In the records that follow, the lines from the one containing "しかし2026年のいまはSM" to the one containing "公演名 第23回 飯坂温泉", inclusive, are to be given again exactly.

(Beginning of GIVEN INFORMATION)

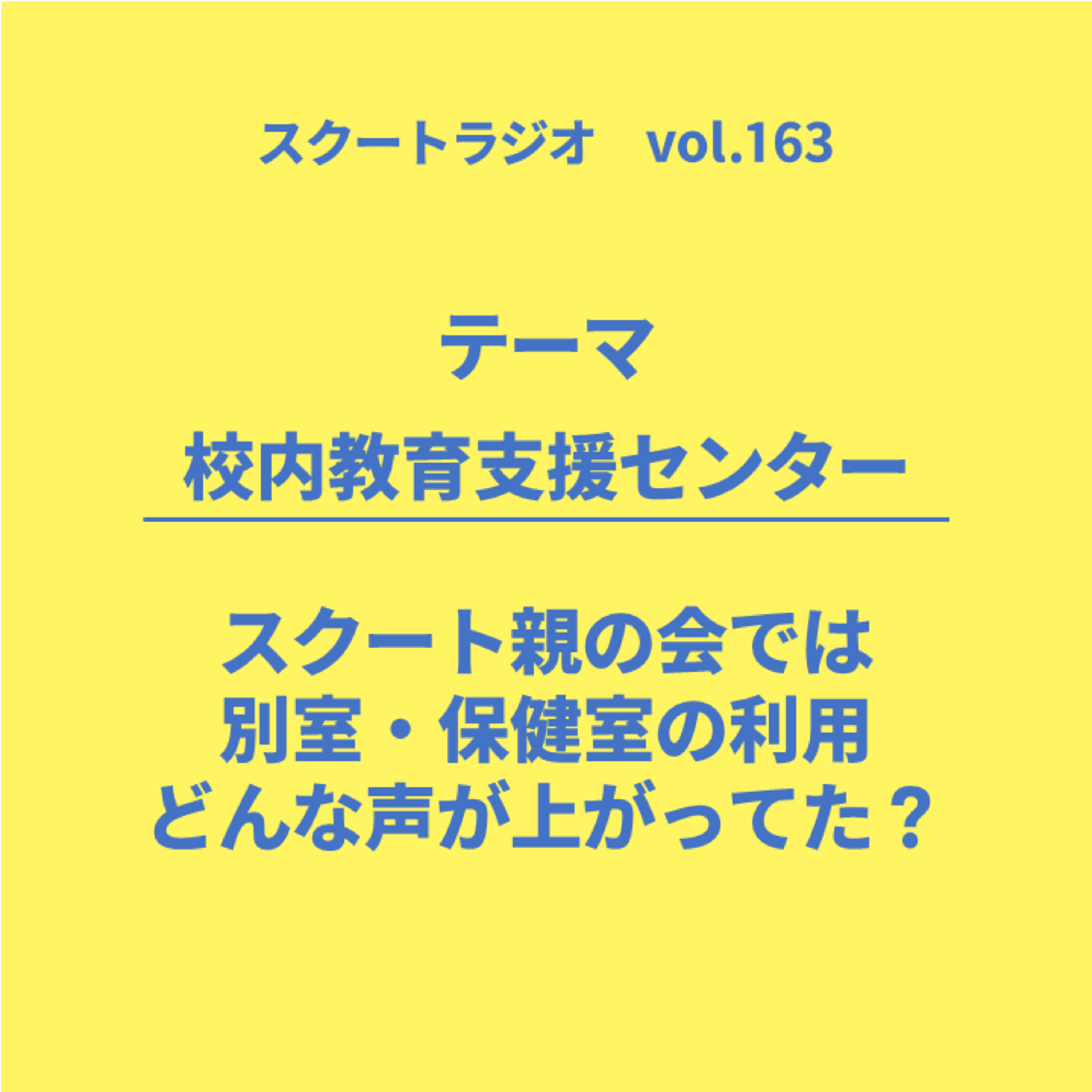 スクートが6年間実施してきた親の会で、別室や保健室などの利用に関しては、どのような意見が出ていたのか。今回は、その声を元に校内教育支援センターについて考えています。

(End of GIVEN INFORMATION)
(Beginning of GIVEN INFORMATION)

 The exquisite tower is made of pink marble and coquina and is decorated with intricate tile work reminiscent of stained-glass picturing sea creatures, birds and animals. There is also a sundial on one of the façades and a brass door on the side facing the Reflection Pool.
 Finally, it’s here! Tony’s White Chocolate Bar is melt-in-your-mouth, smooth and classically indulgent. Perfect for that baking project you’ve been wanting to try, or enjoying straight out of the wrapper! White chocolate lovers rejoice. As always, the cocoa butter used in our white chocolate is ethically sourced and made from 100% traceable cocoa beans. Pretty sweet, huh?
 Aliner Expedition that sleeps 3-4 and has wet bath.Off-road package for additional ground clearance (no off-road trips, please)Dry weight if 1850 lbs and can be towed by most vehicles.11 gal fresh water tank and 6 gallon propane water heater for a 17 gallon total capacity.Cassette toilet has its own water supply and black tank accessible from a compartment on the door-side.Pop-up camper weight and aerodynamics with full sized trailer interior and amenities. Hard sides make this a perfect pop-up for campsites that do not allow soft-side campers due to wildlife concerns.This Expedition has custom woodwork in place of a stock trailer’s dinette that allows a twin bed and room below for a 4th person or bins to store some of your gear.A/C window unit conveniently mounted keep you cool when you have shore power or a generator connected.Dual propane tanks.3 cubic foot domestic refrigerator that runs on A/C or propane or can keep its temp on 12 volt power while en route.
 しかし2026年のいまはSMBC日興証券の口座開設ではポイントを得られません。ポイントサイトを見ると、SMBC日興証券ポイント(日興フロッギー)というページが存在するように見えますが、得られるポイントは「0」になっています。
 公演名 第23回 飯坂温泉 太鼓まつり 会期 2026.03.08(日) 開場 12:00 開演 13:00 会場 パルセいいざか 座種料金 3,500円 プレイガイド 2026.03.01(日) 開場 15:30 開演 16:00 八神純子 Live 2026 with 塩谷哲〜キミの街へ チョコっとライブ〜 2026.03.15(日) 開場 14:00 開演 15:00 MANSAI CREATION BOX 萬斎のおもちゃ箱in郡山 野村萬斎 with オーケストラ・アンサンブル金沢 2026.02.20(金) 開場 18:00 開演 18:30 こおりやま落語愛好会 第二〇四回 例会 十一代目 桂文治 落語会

(End of GIVEN INFORMATION)
(Beginning of GIVEN INFORMATION)

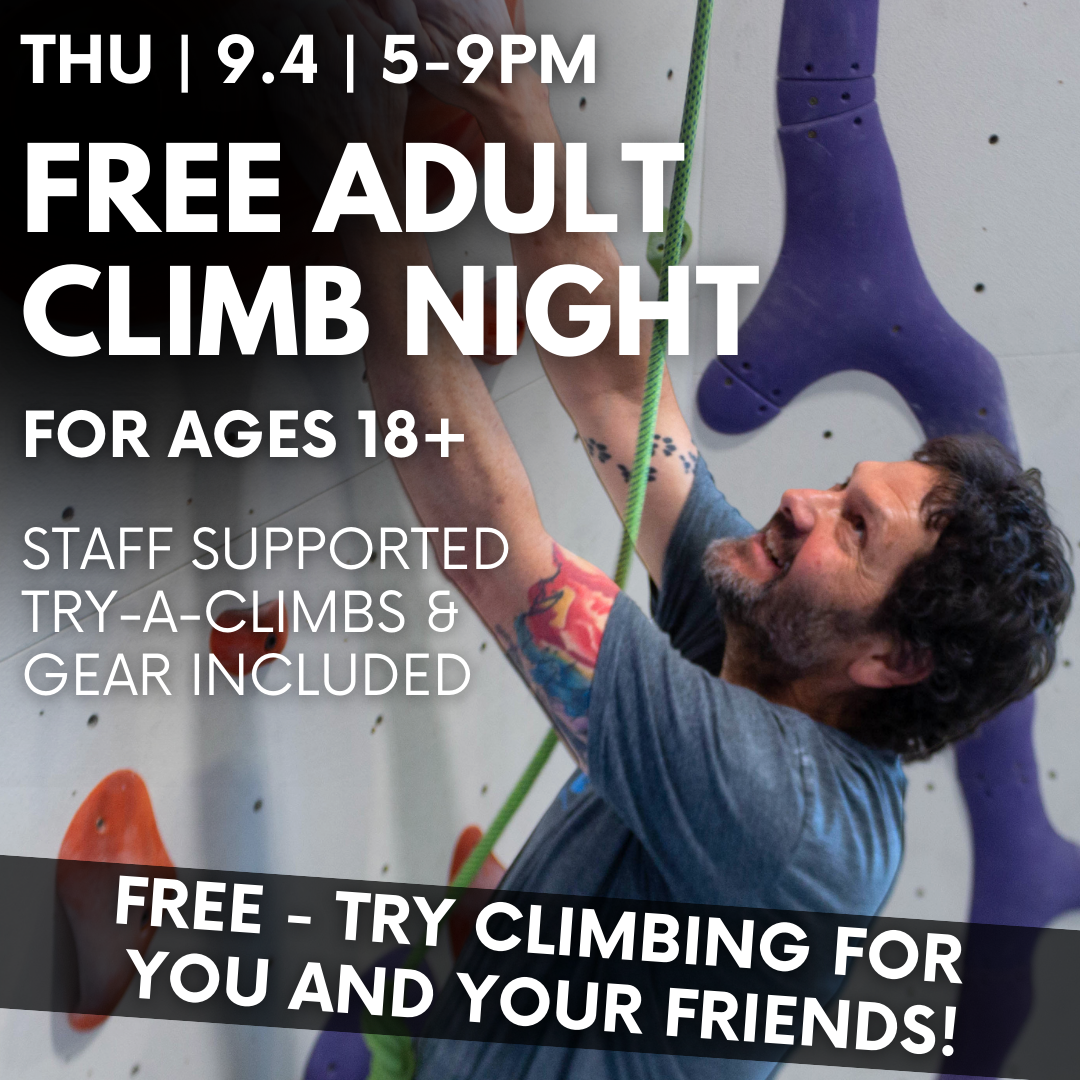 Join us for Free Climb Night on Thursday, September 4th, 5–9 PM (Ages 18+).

(End of GIVEN INFORMATION)

OUTPUT FOR THIS EXERCISE:
 しかし2026年のいまはSMBC日興証券の口座開設ではポイントを得られません。ポイントサイトを見ると、SMBC日興証券ポイント(日興フロッギー)というページが存在するように見えますが、得られるポイントは「0」になっています。
 公演名 第23回 飯坂温泉 太鼓まつり 会期 2026.03.08(日) 開場 12:00 開演 13:00 会場 パルセいいざか 座種料金 3,500円 プレイガイド 2026.03.01(日) 開場 15:30 開演 16:00 八神純子 Live 2026 with 塩谷哲〜キミの街へ チョコっとライブ〜 2026.03.15(日) 開場 14:00 開演 15:00 MANSAI CREATION BOX 萬斎のおもちゃ箱in郡山 野村萬斎 with オーケストラ・アンサンブル金沢 2026.02.20(金) 開場 18:00 開演 18:30 こおりやま落語愛好会 第二〇四回 例会 十一代目 桂文治 落語会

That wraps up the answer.